The Court of Justice declared the EU-US Privacy Shield unlawful in its judgement of 16 July 2020. According to the Court, the Privacy Shield does not provide sufficient guarantees that the transfer of personal data to the US takes place in accordance with the EU Data Protection Regulation (GDPR).
It was more specifically in the Schrems II case that the Court of Justice ruled on the validity of the Privacy Shield between the EU and the US.
1. What is the EU-US Privacy Shield?
The EU-US Privacy Shield was created in 2016 (see our article on this subject) to enable the transfer of personal data outside the European Union to the United States.
It was a legal framework that European and US companies could join to allow a valid and adequate transfer of personal data across the Atlantic Ocean, in accordance with the EU data protection rules.
This framework provides for a number of obligations and commitments that affiliated companies had to respect. It could be assumed that companies, once they joined the Privacy Shield, could guarantee a sufficient (adequate) level of protection with regard to such transfers of personal data.
However, this approach was not accepted by the Court of Justice. Indeed, in its judgment of 16 July 2020, the Court concluded that the Privacy Shield, as it exists today, does not offer sufficient guarantees compared to the applicable EU privacy rules (GDPR).
2. Why did the Court of Justice decide that the EU-US privacy shield is unlawful?
The Court of Justice is concerned about the access by US government authorities to personal data transferred from Europe to the US.
After all, the GDPR requires that every international transfer provides a (nearly) equal level of protection with regard to the data being processed.
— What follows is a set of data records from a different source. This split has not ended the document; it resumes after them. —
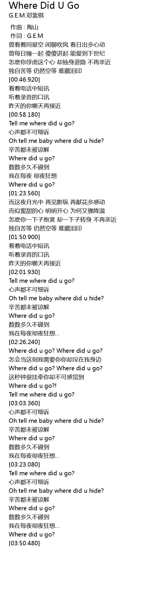 | [00:58.500] | Tell me where did u go? |
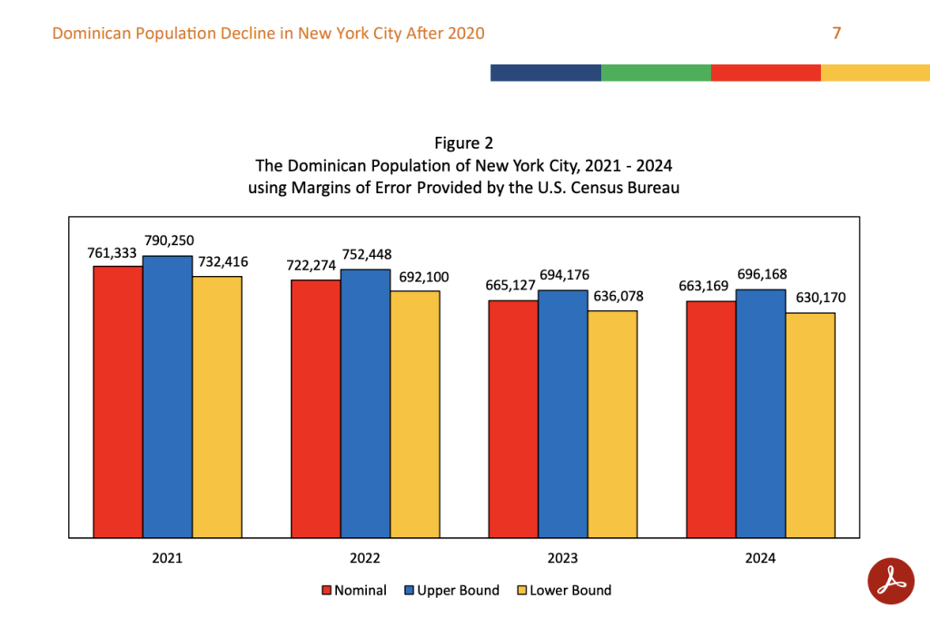 An October 2025 CUNY Latino Data Project Report indicates the Dominican population in New York City has declined by nearly 13% since 2021 as Dominicans migrate to other states.
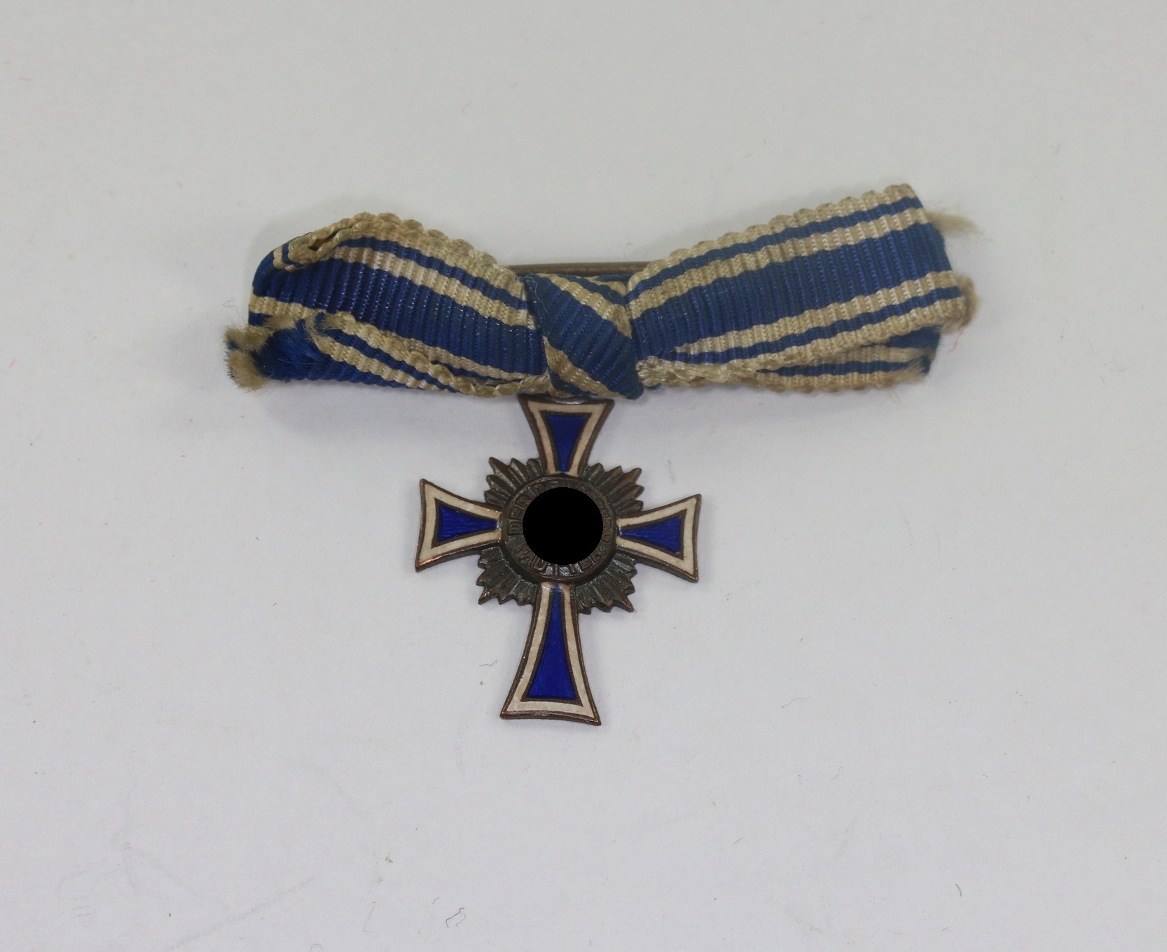 Sehr guter, nur leicht getragener Zustand. Die Emaille ohne Fehler, mit vollständiger Bronzierung. Rückseitig ohne Schrift(!). An Schleife mit Tragenadel.
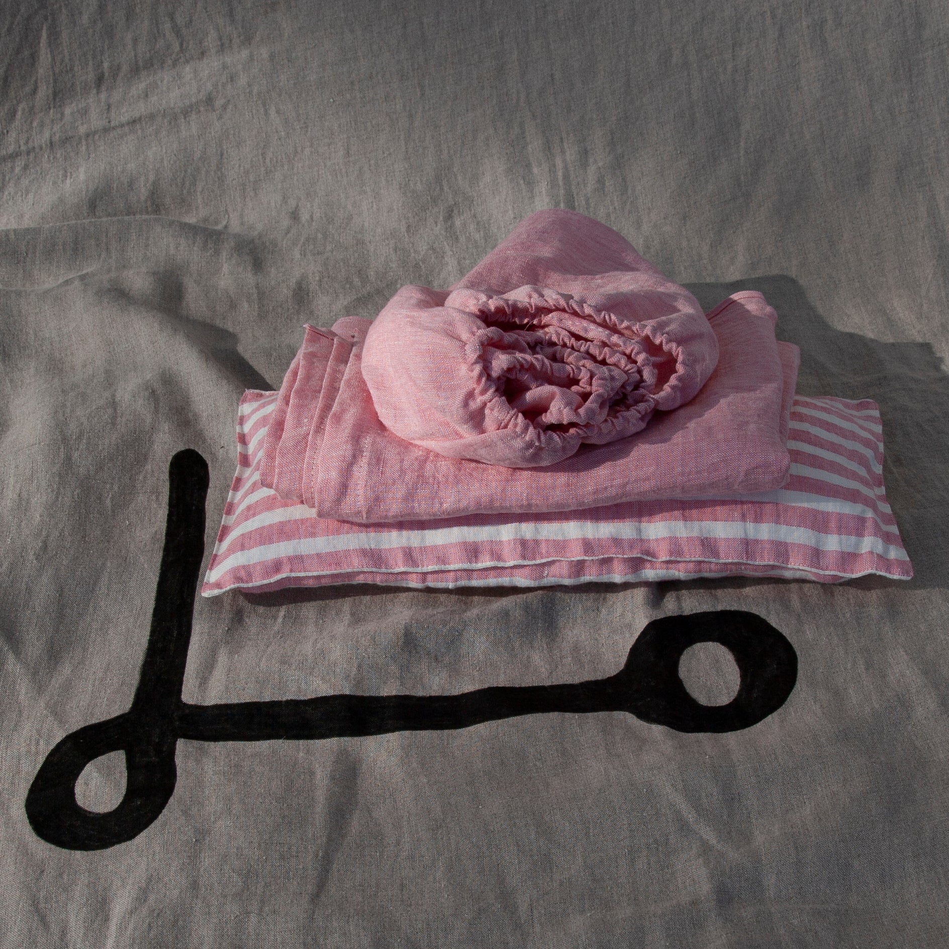 Funda nórdica rayas (55x85cm) y almohada rosa (15x30cm)

This level of protection is assessed on the basis of the contractual agreements concluded in this respect (such as the “Standard Contractual Clauses”) but also on the basis of the legislation that is applicable to the committed companies.
And this is precisely the issue.
The Court estimates that the US government is not bound by the obligations and commitments with which the members of the Privacy Shield must comply. These companies are and remain bound by the far-reaching access that the US government enforces on such data.
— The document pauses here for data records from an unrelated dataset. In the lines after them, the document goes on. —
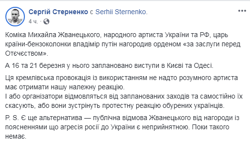 Стерненко поставил ультиматум перед организаторами выступлений сатирика, подчеркнув, что если они сами не отменят концерты, то в противном случае последует "протестная реакция".
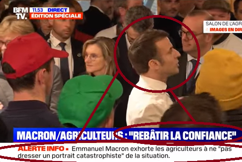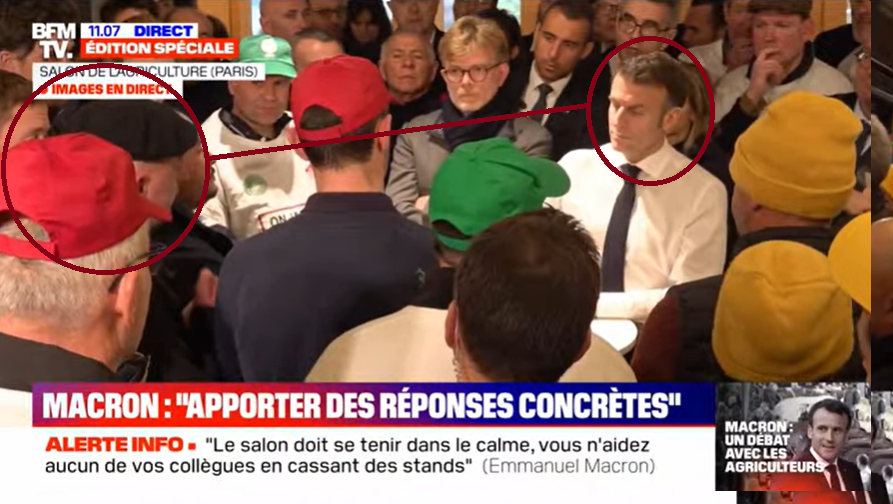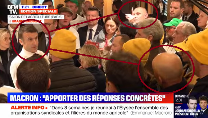 Un monsieur rappelle, au salon de l'agriculture, que Macron avait filé, sans problème, 3 milliards d'euros à Zelensky pour nourrir le conflit mais pas d'argent pour les agriculteurs. Macron dit des inepties comme d'habitude pour noyer le poisson.
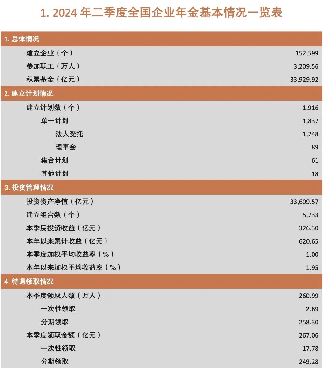 近日,人社部发布2024年二季度全国企业年金基金业务数据摘要。
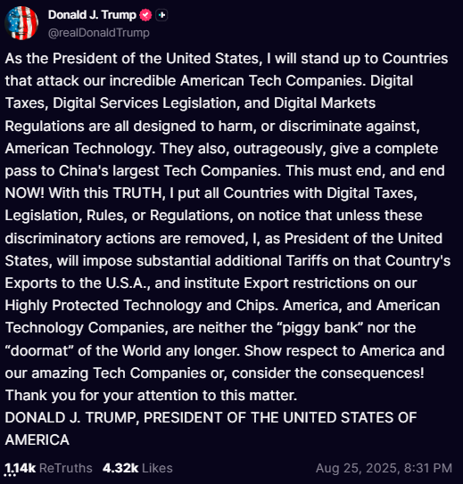 [image: https://www.thegatewaypundit.com/wp-content/uploads/2025/08/trump-post-online-digital-taxes.png]

As a result, no adequate level of protection is provided for and therefore this transfer violates the GDPR.
According to the Court of Justice, the framework provided by the Privacy Shield is therefore unlawful.
The Court of Justice states that the "Standard Contractual Clauses" are lawful in principle, but in practice they can hardly be used for transfers to the US, since these will also be governed by US law, that takes priority.
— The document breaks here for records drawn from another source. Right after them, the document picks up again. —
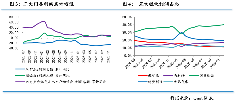 1~12月,制造业利润总额同比增长5%,与1~11月持平。三要素中,增加值累计增速为6.4%,与1~11月持平;营业收入利润率同比增长1.5%,较1~11月回落0.3个百分点;制造业PPI多数改善,上游原材料制造业价格稳步回升;中游装备制造业价格多数回升,下游制造业价格涨跌互现。价格改善对冲了利润率边际回落的拖累,制造业利润延续正增长态势。
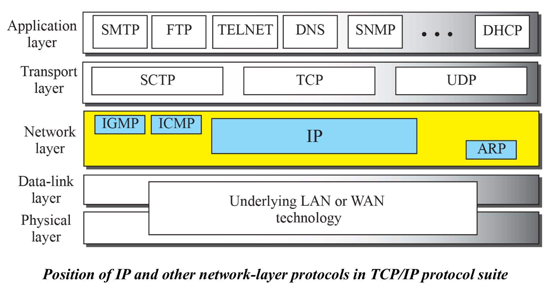 - Main protocol은 IPv4로 packetizing, forwarding 그리고 packet의 delivery에 책임이 있다.
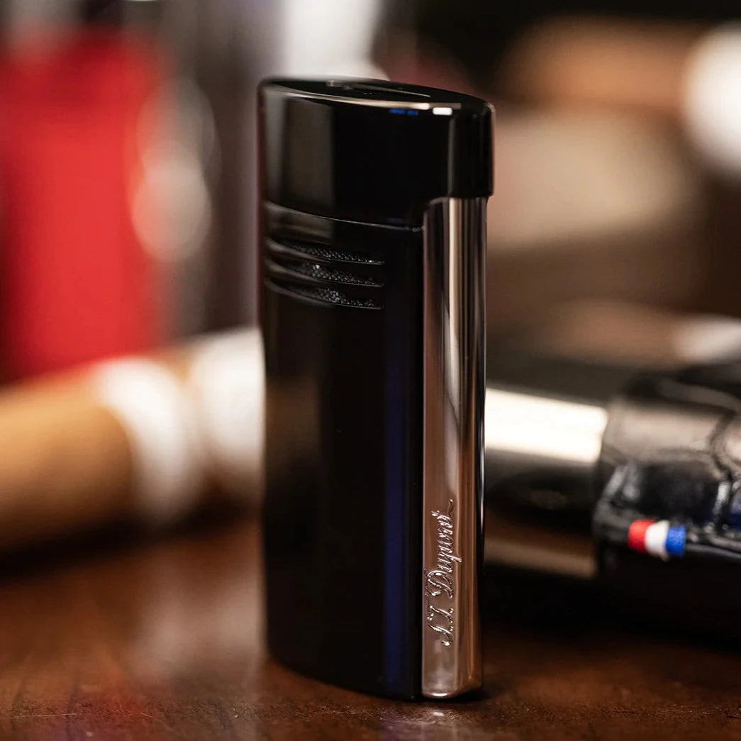 The Megajet is S.T. Dupont’s new classic lighter. Cigar smokers seeking performance, efficiency, and speed will admire its minimalist design, large size, and generous flat flame. Megajet black is the perfect combination of ergonomics and technology. Powerful blue flame. Large flat 20 mm flame. 3 air inlets with active charcoal. Ergonomic size.
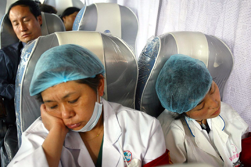 我们实在太累了。在灾区工作的几天内,虽然天天都会有余震,可是队员们太疲乏了,一回到宾馆倒头就睡着了。为了安全,疏散时都得清点人数,就是因为怕有睡着的同事没下来。
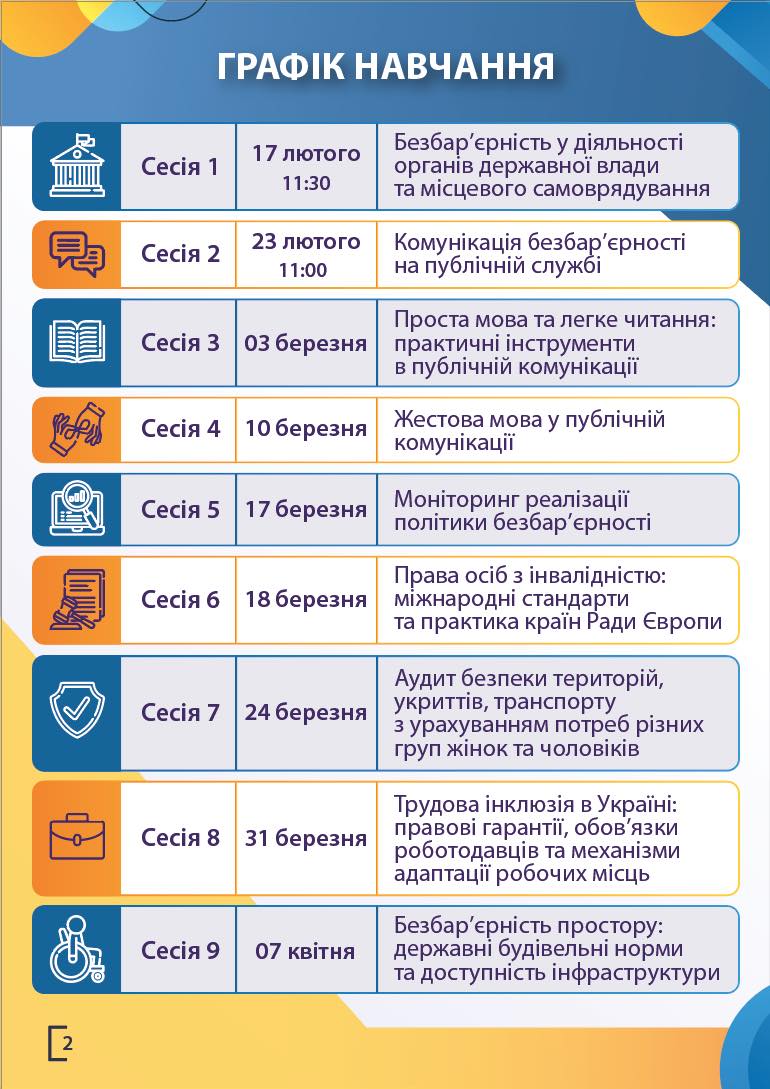 ☝️Марафон складається з 9 тематичних сесій, розроблених для формування у публічних службовців глибокого системного розуміння принципів та інструментів державної політики безбар’єрності. Особлива увага приділяється розвитку практичних навичок, необхідних для ефективного застосування цих знань у професійній діяльності на публічній службі. Це комплексна програма, спрямована на удосконалення роботи державних органів та підвищення якості послуг для громадян.

It goes without saying that this judgement constitutes a serious obstacle to the exchange of personal data with the United States, which has an even bigger impact given the numerous American cloud services (Office, Amazon, Dropbox, Facebook...).
As a result, the use of these services by European companies is currently fundamentally illegal.
At the moment, it is not clear how to proceed since this decision undermines both the Privacy Shield, the Standard Contractual Clauses and the binding corporate rules. A period of uncertainty therefore arises in this respect.
Since no transition period is foreseen, data transfers under the Privacy Shield are immediately illegal and must be stopped immediately.
In many cases, the contractual relationship between the parties will have to include a clause that no transfers to the United States are allowed. However, this is difficult for US companies given the far-reaching power of the US government to request data stored outside the US on the basis of the "Cloud Act".
According to Article 49 of the GDPR, transfers to states that cannot provide an adequate level of protection are still possible in a number of situations, such as, for example, reasons of important public interest and in the case of explicit and informed consent of the data subjects.
However, these possibilities are limited and therefore difficult to use in practice.
In any case, we will keep you informed on this matter.